Because a standalone node is the right answer for most deployments, cluster mode requires an explicit opt-in flag (--experimental-cluster, or TIDAL_ALLOW_EXPERIMENTAL_CLUSTER=1) so nobody starts a multi-node fabric by accident. Reach for it deliberately when you need multi-node availability or read-scale.

cargo run -p tidal-server -- \
  cluster \
  --listen 0.0.0.0:9500 \
  --schema tidal-server/config/default-schema.yaml \
  --topology tidal-server/config/default-cluster.yaml \
  --experimental-cluster

Key endpoints:

curl https://127.0.0.1:9500/health
curl -X POST https://127.0.0.1:9500/signals -d '{ "entity_id": 1, "signal": "view", "weight": 1.0 }'
curl "https://127.0.0.1:9500/feed?profile=trending&region=eu-west"
curl https://127.0.0.1:9500/cluster/status
# /cluster/promote is a fenced MAINTENANCE verb: a graceful, voluntary
# leadership handoff. It is NOT the failover path — kill the leader and the
# survivors elect a successor automatically, with zero operator action.
curl -X POST https://127.0.0.1:9500/cluster/promote -d '{ "region": "eu-west" }'

Cluster mode replicates global signals only (no user_id / creator_id contexts) so that followers stay in sync with the leader's replicated log. For Kubernetes deployment, scaling, failover drills, and the operational API see docs/runbooks/kubernetes.md and docs/runbooks/cluster.md.

Prefer containers?
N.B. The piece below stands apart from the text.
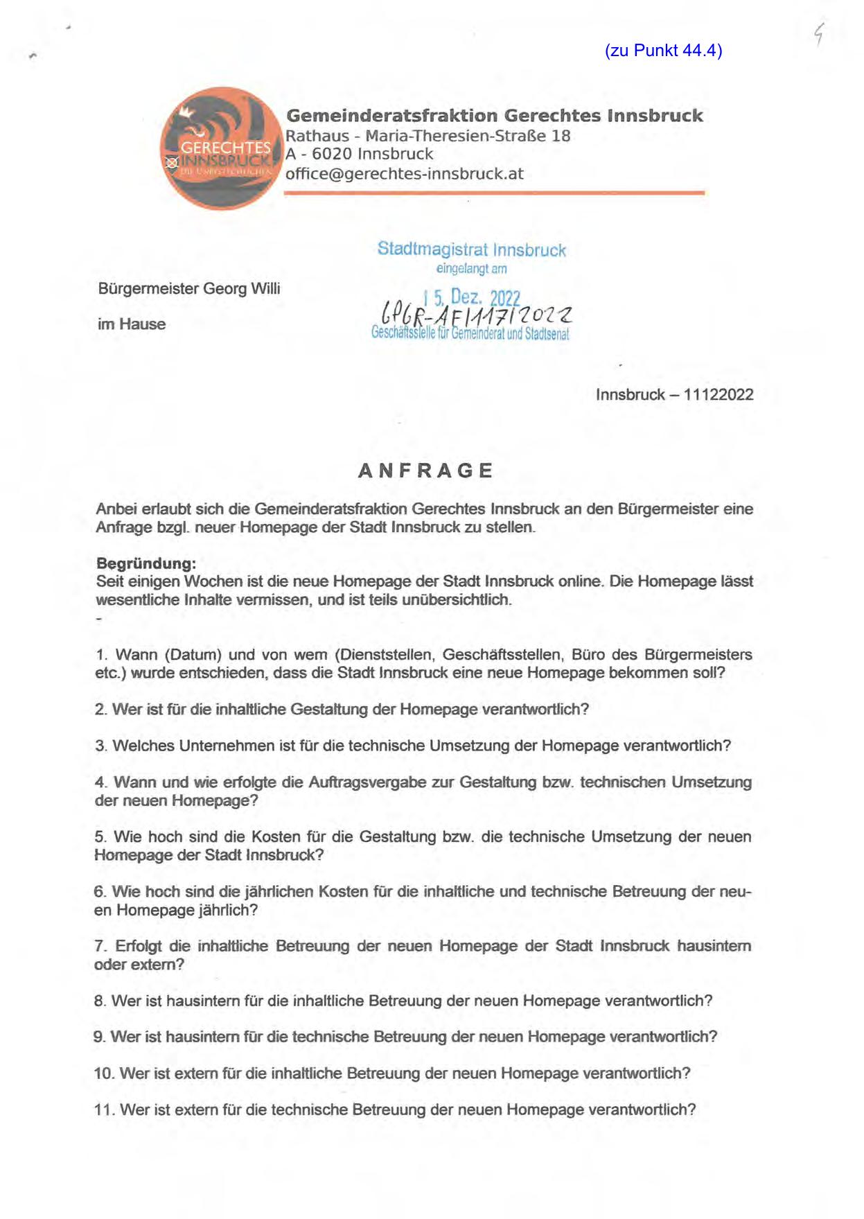 Anbei erlaubt sich die Gemeinderatsfraktion Gerechtes Innsbruck an den Bürgermeister eine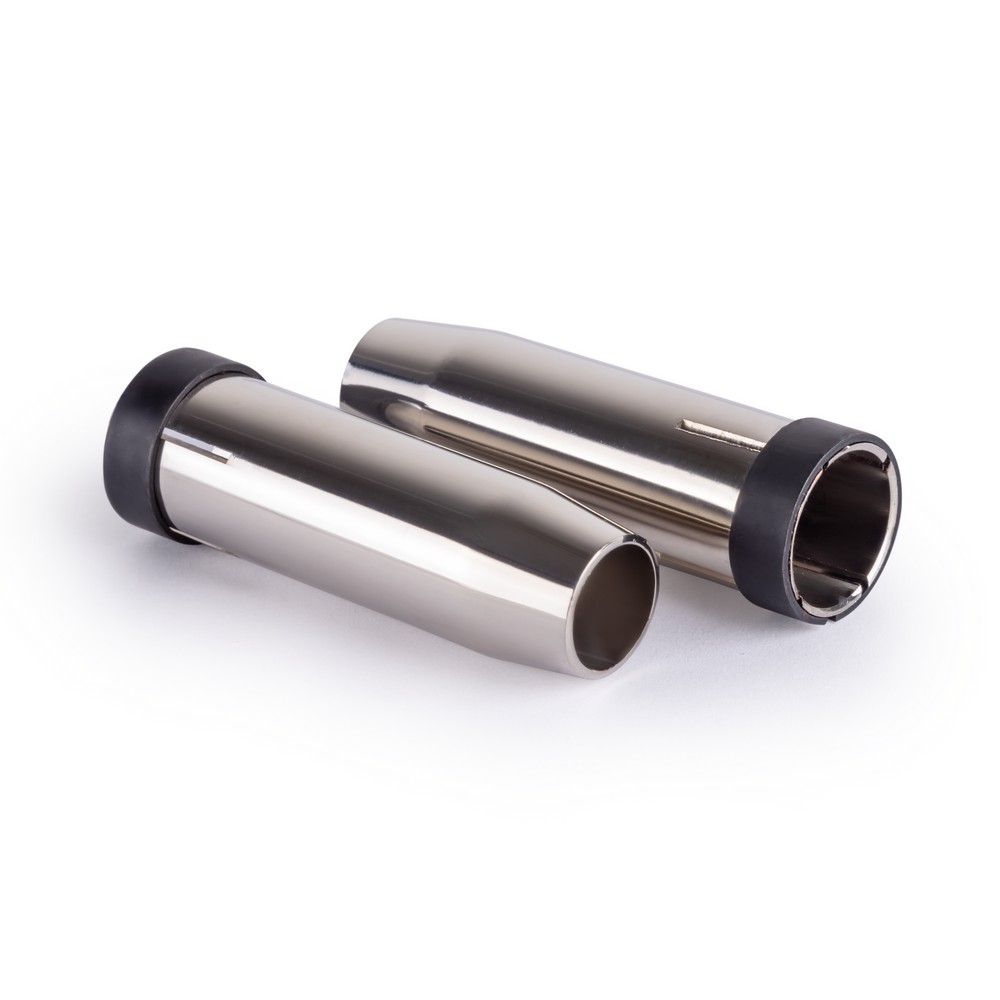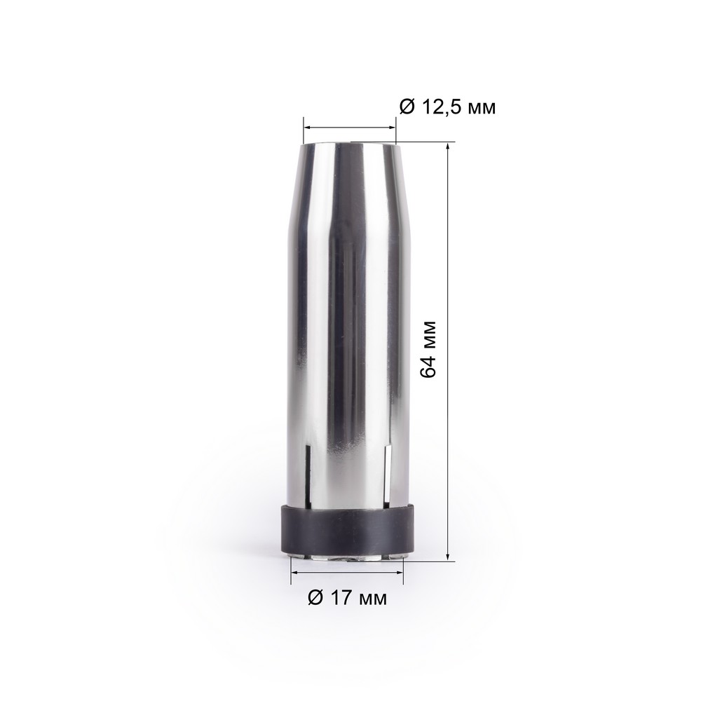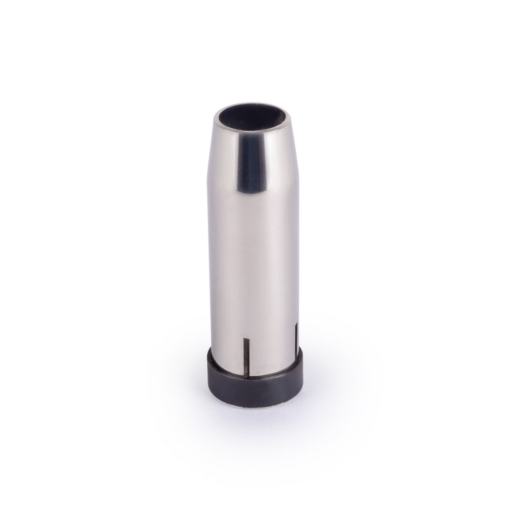 Цилиндрическое сопло MIG-24 с внутренним диаметром выходного отверстия 12,5 мм является одной из основных частей сварочной горелки. Именно при помощи сопла к месту сварки подается защитный газ, тем самым исключая риск попадания воздуха в ванну расплавленного металла. Сопло MIG-24 относится к расходным материалам сварочной горелки. Несмотря на свою высокую прочность, они могут выходить из строя из-за загрязненности, в результате налипания брызг расплавленного металла на поверхность сопла. Для продления срока службы изделия рекомендуется использовать специальный сварочный спрей.

Build the provided image and run it anywhere:

docker build -f docker/cluster/Dockerfile -t tidal-cluster .
docker run --rm -p 9500:9500 tidal-cluster

Mount your own schema/topology files with -v if you want different regions or signal definitions.

6. Simulate a multi-region cluster in tests

The raw SimulatedCluster harness (no HTTP) remains available for property tests and fuzzing.

cargo test --test m8_uat
cargo test --test m8_uat uat_step3 -- --nocapture   # run a single scenario

Tweak tidal/tests/m8_uat.rs to script specific replication, failover, and migration scenarios inside your own test suites.

MSRV: Rust 1.91


Documentation

Document Contents
QUICKSTART.md Step-by-step guide: schema, ingest, signals, ranking, search
API.md Full API reference with code examples
Build a feed app End-to-end TikTok/Reels-style "For You" feed tutorial
Embedding integration Wiring a real embedding model into the write + query paths
Server deployment Running tidal-server: config, auth, OpenAPI, Docker
Kubernetes runbook Deploying on k8s (manifests in k8s/)
VISION.md Problem statement and design thesis
ARCHITECTURE.md Storage, signal system, vector index, query pipeline
USE_CASES.md 14 content discovery surfaces, filter and sort references

Status

Milestones completed:

  • Storage engine, WAL, entity store, signal ledger
  • RETRIEVE query: candidate retrieval, filtering, scoring, diversity, pagination
  • Vector index (USearch HNSW) with adaptive filtered search; ANN candidate generation in RETRIEVE with honored per-query ef_search
  • Multi-vector user preference modeling (per-user interest clusters with decayed importance)
  • 25 built-in ranking profiles
  • BM25 full-text search (Tantivy) + hybrid RRF fusion
  • Creator search and creator profiles
  • Cohort-scoped signal aggregation and trending
  • Social graph (follows, blocks, following feed)
  • Collections, saved searches, autocomplete suggestions
  • Session and agent context (short-lived signals, preference decay)
  • Crash recovery, graceful degradation, rate limiting, diagnostics
  • Scale: tested to 1M items; scale benchmarks passing
  • High-availability cluster: quorum-acked writes, automatic election + failover, elastic seed-join membership, inter-node mTLS, per-node Prometheus — running in production on k3s

tidalDB is production-ready. The API surface is stable for the implemented features, and every shipped guarantee is covered by the chaos and soak suites in docs/planning/ROADMAP.md. Semantic versioning applies from here: additive changes ship in minor releases, and any breaking change gets a documented migration path in CHANGELOG.md.